**INSTRUCTIONS TO FOLLOW**
In the copy you make, keep each entry exactly as it is and leave out all images.

**DATA RECORDS**
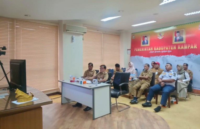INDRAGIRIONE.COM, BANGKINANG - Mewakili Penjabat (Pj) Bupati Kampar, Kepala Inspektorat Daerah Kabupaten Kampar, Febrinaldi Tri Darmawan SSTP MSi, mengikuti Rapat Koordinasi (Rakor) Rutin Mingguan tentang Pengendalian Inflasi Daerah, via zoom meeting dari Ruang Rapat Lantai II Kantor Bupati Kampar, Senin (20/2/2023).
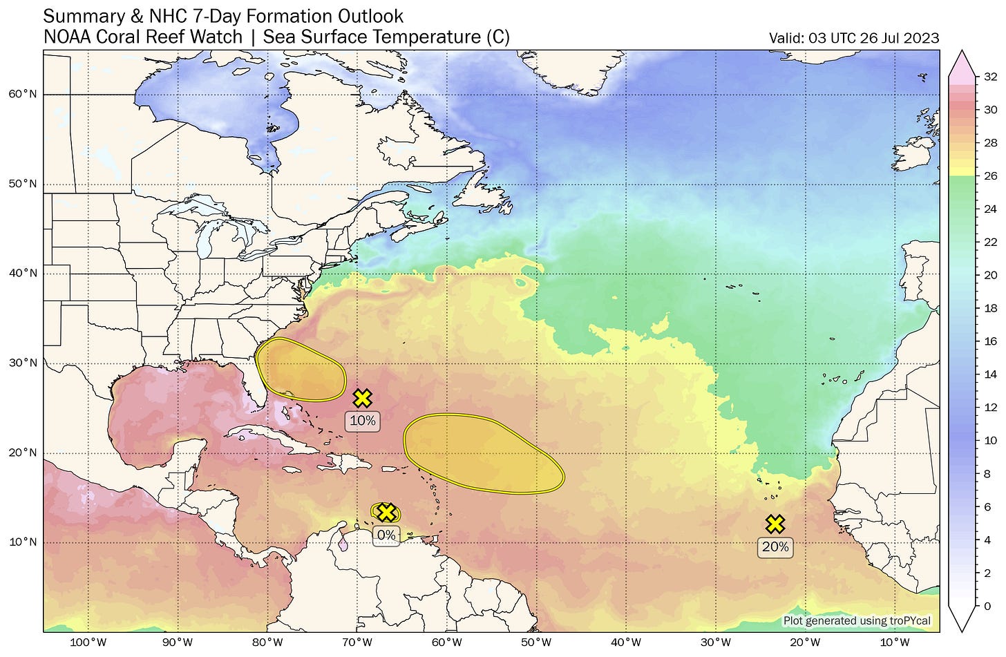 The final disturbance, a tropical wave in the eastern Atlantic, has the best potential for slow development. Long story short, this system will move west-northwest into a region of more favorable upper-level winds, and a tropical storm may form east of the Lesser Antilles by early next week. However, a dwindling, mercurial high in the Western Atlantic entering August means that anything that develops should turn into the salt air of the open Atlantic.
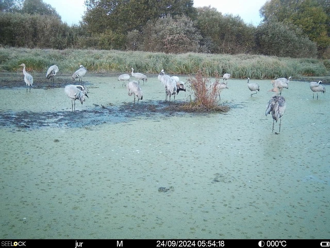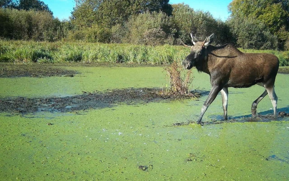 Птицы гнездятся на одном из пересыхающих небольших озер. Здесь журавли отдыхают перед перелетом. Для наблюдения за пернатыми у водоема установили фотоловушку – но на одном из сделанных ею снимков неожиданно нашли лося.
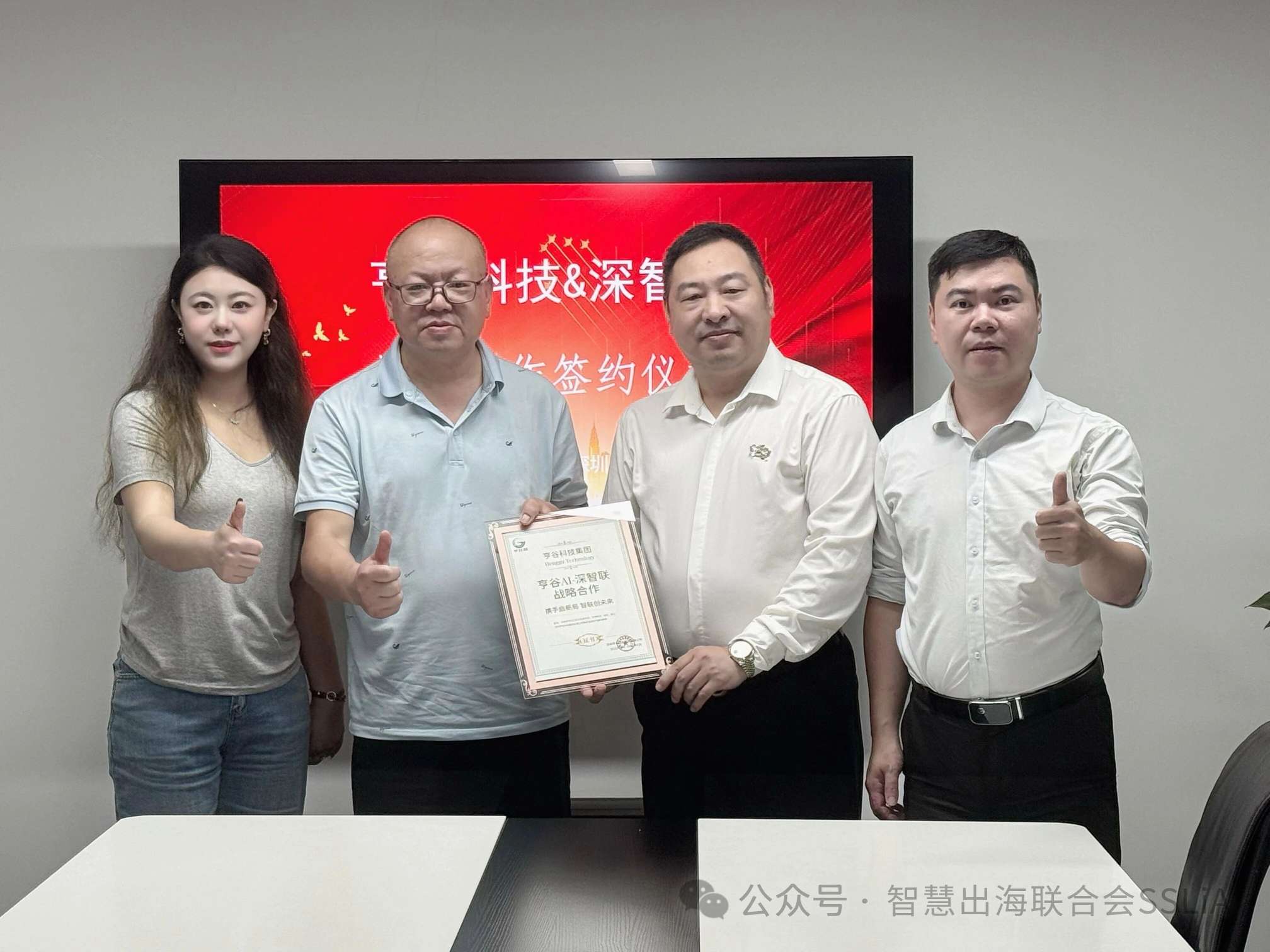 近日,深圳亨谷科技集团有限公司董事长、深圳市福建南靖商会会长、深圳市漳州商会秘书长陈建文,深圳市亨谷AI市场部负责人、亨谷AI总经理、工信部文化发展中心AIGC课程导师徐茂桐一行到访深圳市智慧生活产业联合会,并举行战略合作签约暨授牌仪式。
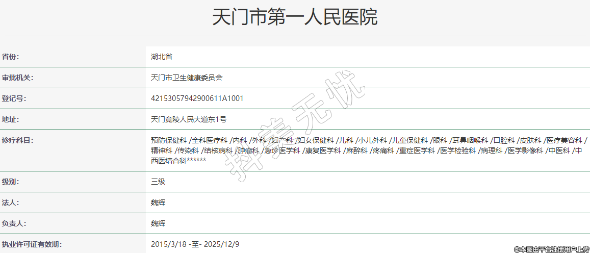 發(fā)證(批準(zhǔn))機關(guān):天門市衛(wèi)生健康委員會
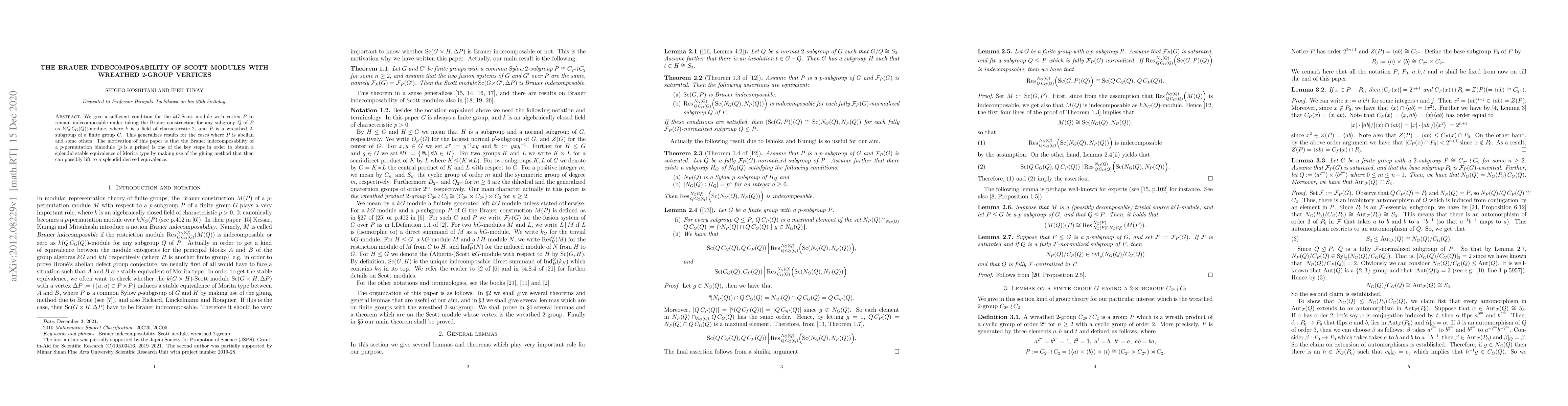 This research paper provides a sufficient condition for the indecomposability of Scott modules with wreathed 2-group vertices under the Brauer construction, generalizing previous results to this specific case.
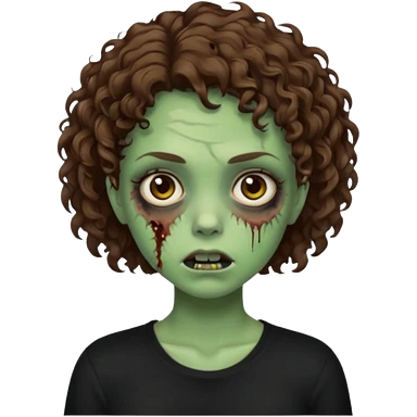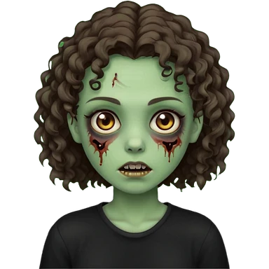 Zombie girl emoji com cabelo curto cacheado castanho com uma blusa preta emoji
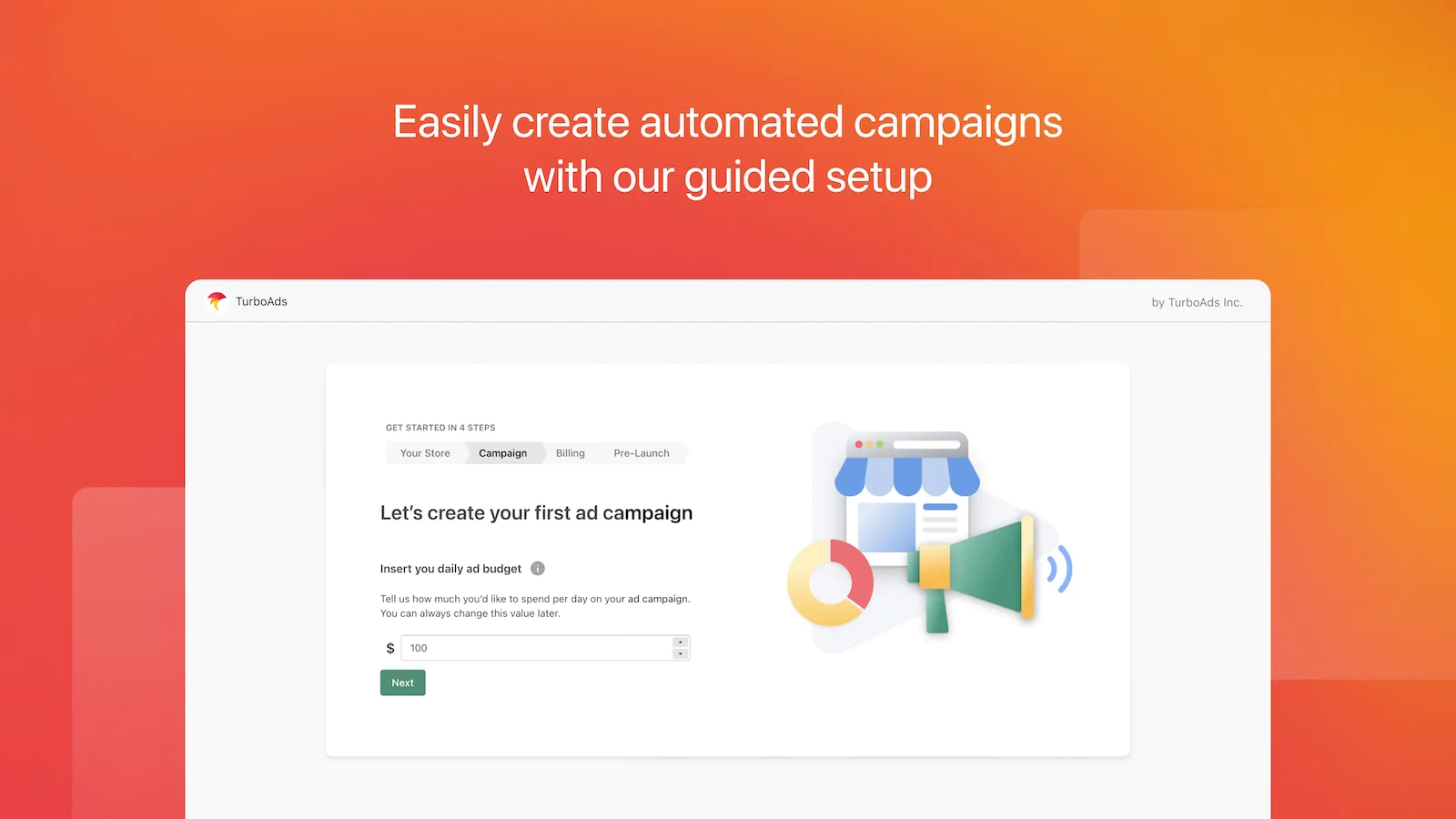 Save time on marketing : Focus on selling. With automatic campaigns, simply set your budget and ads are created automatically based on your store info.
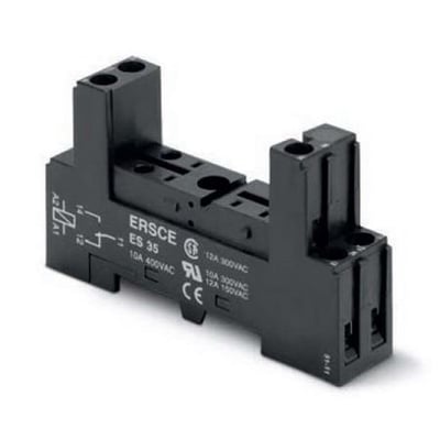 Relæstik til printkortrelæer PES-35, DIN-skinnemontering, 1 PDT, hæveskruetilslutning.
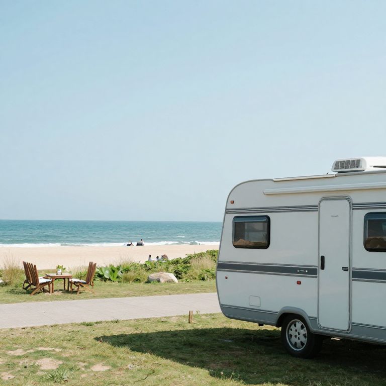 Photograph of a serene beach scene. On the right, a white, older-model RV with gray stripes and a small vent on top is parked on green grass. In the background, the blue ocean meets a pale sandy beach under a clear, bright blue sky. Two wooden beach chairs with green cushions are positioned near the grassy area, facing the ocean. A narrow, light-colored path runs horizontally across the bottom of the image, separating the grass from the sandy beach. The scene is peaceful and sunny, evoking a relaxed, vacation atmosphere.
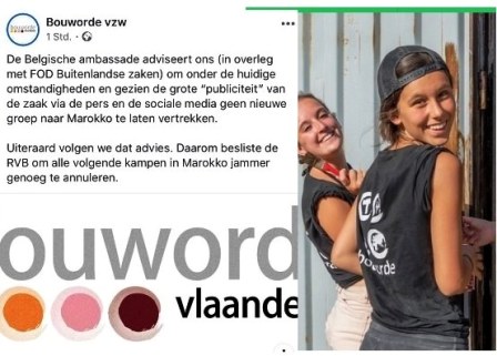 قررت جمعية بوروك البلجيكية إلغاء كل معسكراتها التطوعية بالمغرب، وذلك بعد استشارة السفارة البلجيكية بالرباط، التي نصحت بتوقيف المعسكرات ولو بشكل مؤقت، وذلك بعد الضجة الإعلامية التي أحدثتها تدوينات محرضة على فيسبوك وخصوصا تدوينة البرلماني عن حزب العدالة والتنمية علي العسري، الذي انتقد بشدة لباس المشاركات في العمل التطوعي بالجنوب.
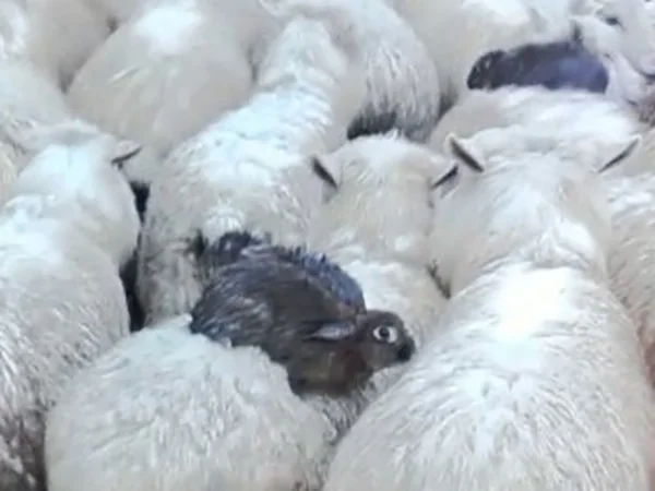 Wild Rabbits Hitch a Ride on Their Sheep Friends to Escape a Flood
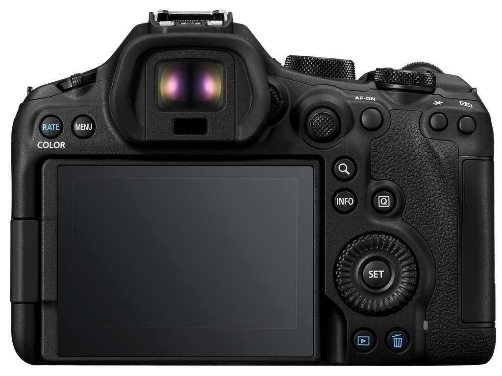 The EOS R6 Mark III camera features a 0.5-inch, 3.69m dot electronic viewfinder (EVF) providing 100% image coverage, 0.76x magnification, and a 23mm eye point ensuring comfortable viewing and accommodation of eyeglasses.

**WRITTEN ANSWER**
INDRAGIRIONE.COM, BANGKINANG - Mewakili Penjabat (Pj) Bupati Kampar, Kepala Inspektorat Daerah Kabupaten Kampar, Febrinaldi Tri Darmawan SSTP MSi, mengikuti Rapat Koordinasi (Rakor) Rutin Mingguan tentang Pengendalian Inflasi Daerah, via zoom meeting dari Ruang Rapat Lantai II Kantor Bupati Kampar, Senin (20/2/2023).
 The final disturbance, a tropical wave in the eastern Atlantic, has the best potential for slow development. Long story short, this system will move west-northwest into a region of more favorable upper-level winds, and a tropical storm may form east of the Lesser Antilles by early next week. However, a dwindling, mercurial high in the Western Atlantic entering August means that anything that develops should turn into the salt air of the open Atlantic.
 Птицы гнездятся на одном из пересыхающих небольших озер. Здесь журавли отдыхают перед перелетом. Для наблюдения за пернатыми у водоема установили фотоловушку – но на одном из сделанных ею снимков неожиданно нашли лося.
 近日,深圳亨谷科技集团有限公司董事长、深圳市福建南靖商会会长、深圳市漳州商会秘书长陈建文,深圳市亨谷AI市场部负责人、亨谷AI总经理、工信部文化发展中心AIGC课程导师徐茂桐一行到访深圳市智慧生活产业联合会,并举行战略合作签约暨授牌仪式。
 發(fā)證(批準(zhǔn))機關(guān):天門市衛(wèi)生健康委員會
 This research paper provides a sufficient condition for the indecomposability of Scott modules with wreathed 2-group vertices under the Brauer construction, generalizing previous results to this specific case.
 Zombie girl emoji com cabelo curto cacheado castanho com uma blusa preta emoji
 Save time on marketing : Focus on selling. With automatic campaigns, simply set your budget and ads are created automatically based on your store info.
 Relæstik til printkortrelæer PES-35, DIN-skinnemontering, 1 PDT, hæveskruetilslutning.
 Photograph of a serene beach scene. On the right, a white, older-model RV with gray stripes and a small vent on top is parked on green grass. In the background, the blue ocean meets a pale sandy beach under a clear, bright blue sky. Two wooden beach chairs with green cushions are positioned near the grassy area, facing the ocean. A narrow, light-colored path runs horizontally across the bottom of the image, separating the grass from the sandy beach. The scene is peaceful and sunny, evoking a relaxed, vacation atmosphere.
 قررت جمعية بوروك البلجيكية إلغاء كل معسكراتها التطوعية بالمغرب، وذلك بعد استشارة السفارة البلجيكية بالرباط، التي نصحت بتوقيف المعسكرات ولو بشكل مؤقت، وذلك بعد الضجة الإعلامية التي أحدثتها تدوينات محرضة على فيسبوك وخصوصا تدوينة البرلماني عن حزب العدالة والتنمية علي العسري، الذي انتقد بشدة لباس المشاركات في العمل التطوعي بالجنوب.
 Wild Rabbits Hitch a Ride on Their Sheep Friends to Escape a Flood
 The EOS R6 Mark III camera features a 0.5-inch, 3.69m dot electronic viewfinder (EVF) providing 100% image coverage, 0.76x magnification, and a 23mm eye point ensuring comfortable viewing and accommodation of eyeglasses.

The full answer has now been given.